## What you have to do
Below are entries with pictures in them. Output exactly the lines starting at the line with "ZELLA Ultra Soft" and ending at the line with "The Touchdog Rabbit-Spotted", both included, but not the pictures.
(Beginning of Given entries)
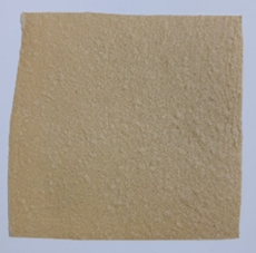 In sample # 3, shown in Figure 3, it was observed that sodium alginate bio-plastic has very high shrinkage on its own while drying. Thus, addition of filler material in it has to serve the purpose of reducing shrinkage alongside adding to the strength and structure of the material. For this purpose, in tryout 1 shown in Figure 11, after preparing the sodium alginate mixture as described above in Figure 3, dried, powdered, and sifted wheat crop wastes were incorporated, and the mixture was later spread in a mold and left to dry. This resulted in a cork-like textured sheet, which formed well but lacked strength.
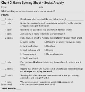 Thinking of their relationship with anxiety as a mental game offers both a broad therapeutic point of reference and specific actions that manifest it. Initially, your skills of persuasion and their belief in you will push them to challenge their faulty beliefs. After that, experience will be their greatest teacher. Once they have acted on these beliefs and gotten feedback during the fear-inducing event, that learning will put the power in their new orientation and it will be self-sustaining. They will then have a set of instructions, such as “anxiety, please give me more” or “I’m looking for opportunities to get distressed” that will point them toward simple choices during difficult times. And they will have a skill set (that I laid out in Charts 2 and 3) that they believe will match the challenge of the situation.
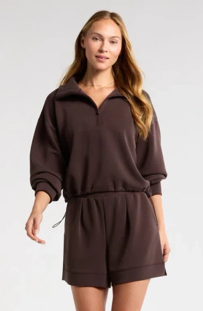 ZELLA Ultra Soft Scuba Half Zip Pullover In Brown Mole
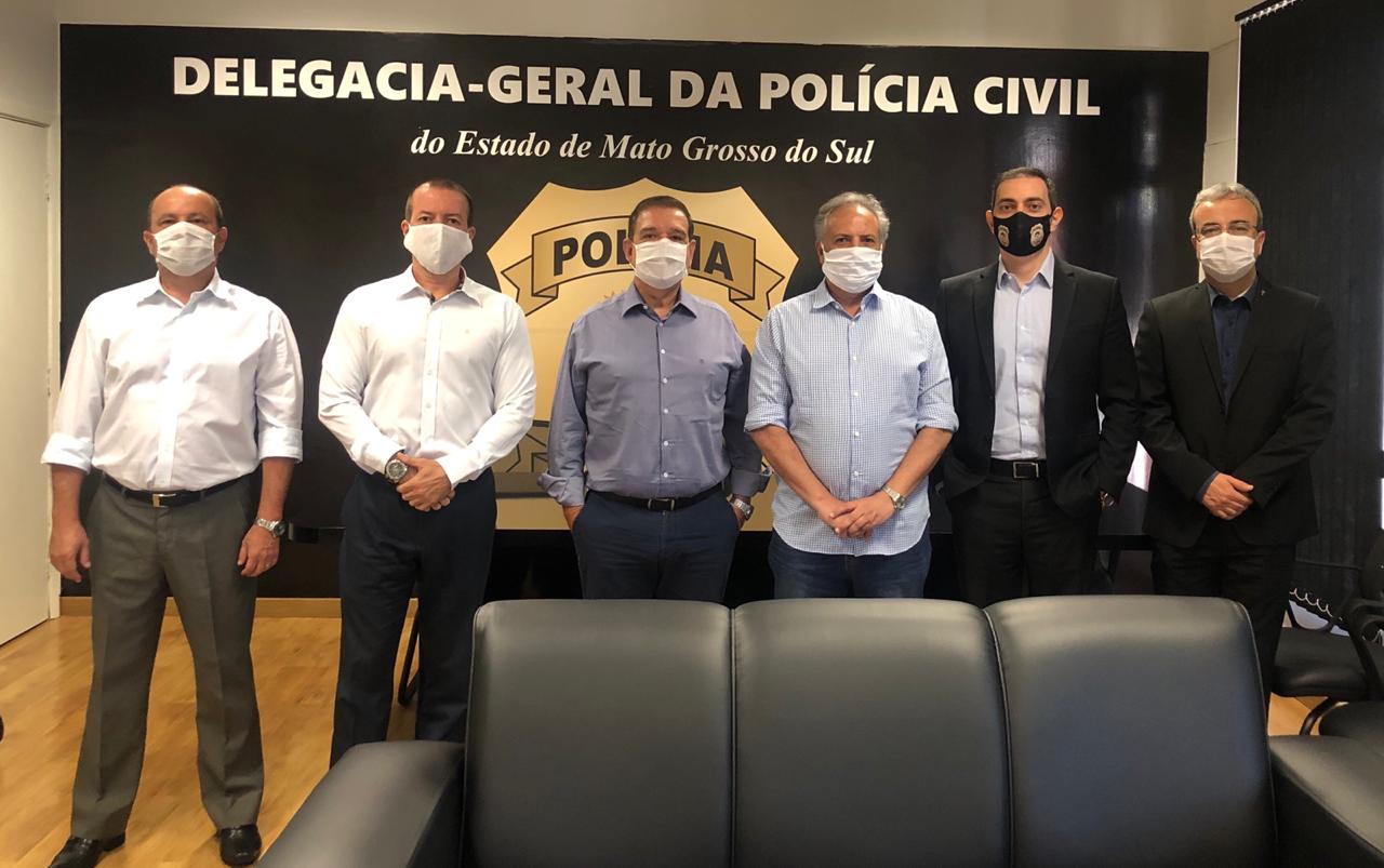 Campo Grande (MS): O Delegado-Geral da Polícia Civil – Marcelo Vargas Lopes e o Delegado-Geral Adjunto – Adriano Garcia Geraldo receberam, na manhã desta terça-feira (8), a visita de Rudel Espíndola Trindade Júnior, Presidente do
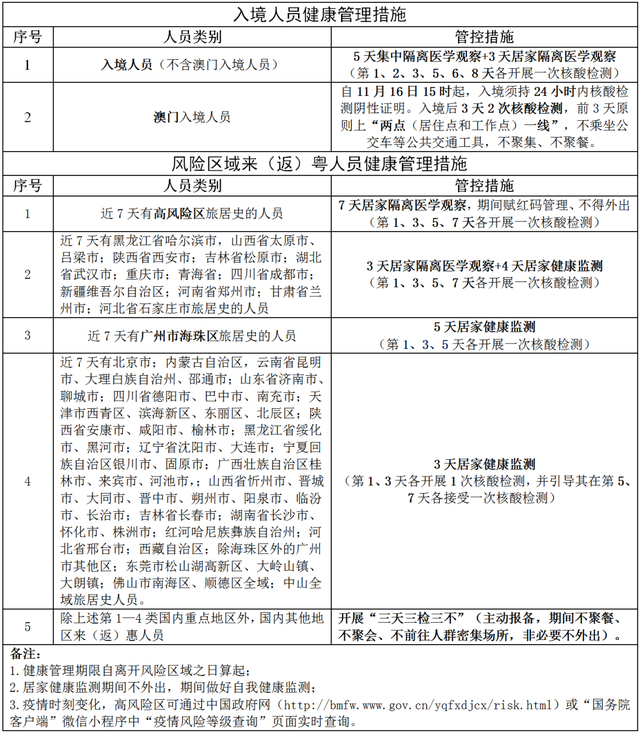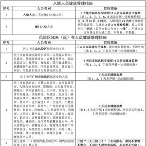 高风险区、疫情传播严重地等来(返)惠人员严格按照我市防疫政策配合做好健康管理(详见以下表格),其他地区来(返)惠人员抵惠后落实“三天三检三不”(核酸三天每天一检,期间不聚餐、不聚会、不前往人群密集场所,谢绝访客)。
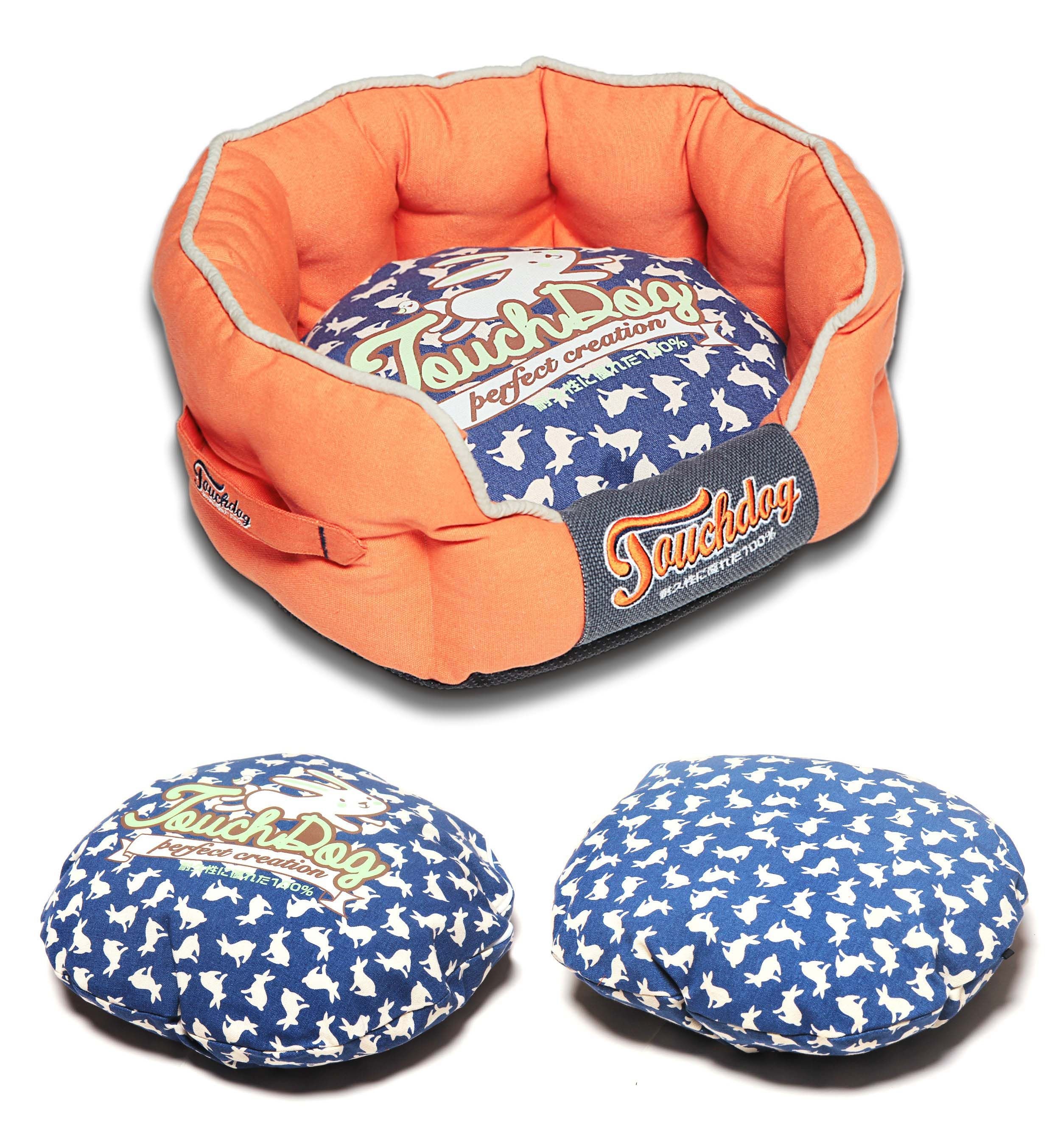 The Touchdog Rabbit-Spotted Premium Rounded Dog Bed is composed of a Cotton-Polyester Outer shell and Inner-Lined with Plush Polyester. Additionally this Pet Bed features a Reversible and Removable cushion. Has a Rounded-like appearance and features accented thick stitching along the couch borders. Complimented with the Touchdog Embroidered stamp of perfection along the front with a designer print on the accented Removable and Reversible Polyester-Cotton plush cushion. Every intrical trim is designer coordinated to compliment. Completed with a built-in side carrying handlebar. Touchdog, the leading Premium Pet Brand of Tomorrow. Available in Multiple Sizes Colors
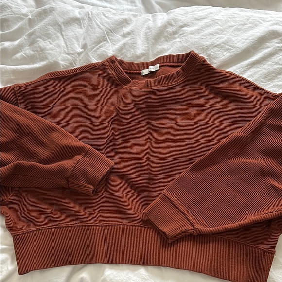 Cozy ribbed knit sweatshirt in a rich rust color. Perfect for casual wear. Good used condition.
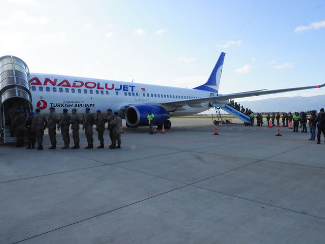 Edremit ilçesinde konuşlu 19. Komando Tugayı Komutanlığı'na bağlı komandolar, Balıkesir Koca Seyit Havalimanı'ndan Türk Hava Yollarına ait "İskenderun" adlı uçak ile saat 17.00'de deprem bölgesine hareket etti.
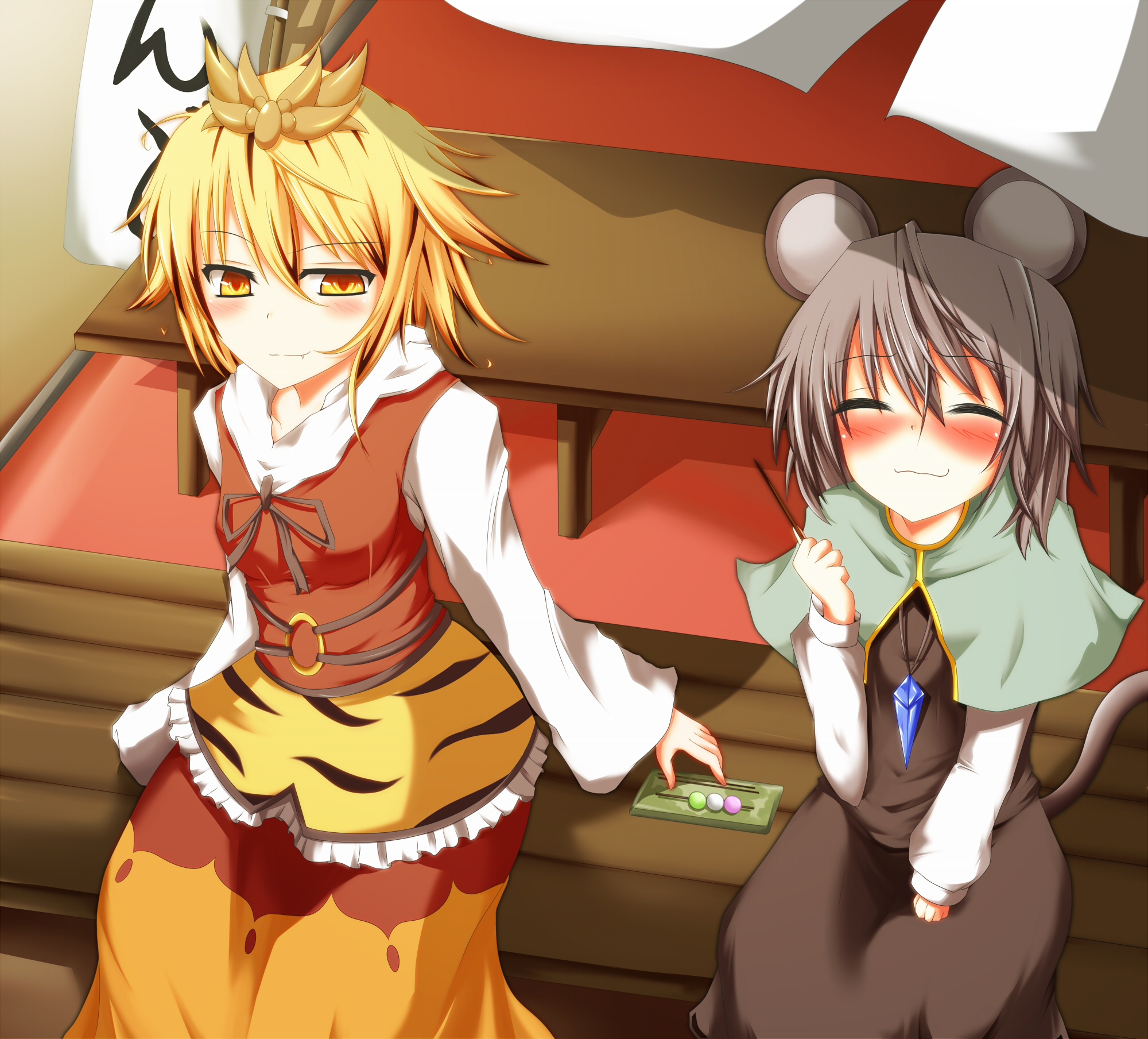 2girlsanimal earsanimal printblushdangoeatingfangfemale focusfoodfrom abovemouse earsmouse tailmultiple girlssanshoku dangosittingskewertailtiger printwagashi
(End of Given entries)
## Written reply
 ZELLA Ultra Soft Scuba Half Zip Pullover In Brown Mole
 Campo Grande (MS): O Delegado-Geral da Polícia Civil – Marcelo Vargas Lopes e o Delegado-Geral Adjunto – Adriano Garcia Geraldo receberam, na manhã desta terça-feira (8), a visita de Rudel Espíndola Trindade Júnior, Presidente do
 高风险区、疫情传播严重地等来(返)惠人员严格按照我市防疫政策配合做好健康管理(详见以下表格),其他地区来(返)惠人员抵惠后落实“三天三检三不”(核酸三天每天一检,期间不聚餐、不聚会、不前往人群密集场所,谢绝访客)。
 The Touchdog Rabbit-Spotted Premium Rounded Dog Bed is composed of a Cotton-Polyester Outer shell and Inner-Lined with Plush Polyester. Additionally this Pet Bed features a Reversible and Removable cushion. Has a Rounded-like appearance and features accented thick stitching along the couch borders. Complimented with the Touchdog Embroidered stamp of perfection along the front with a designer print on the accented Removable and Reversible Polyester-Cotton plush cushion. Every intrical trim is designer coordinated to compliment. Completed with a built-in side carrying handlebar. Touchdog, the leading Premium Pet Brand of Tomorrow. Available in Multiple Sizes Colors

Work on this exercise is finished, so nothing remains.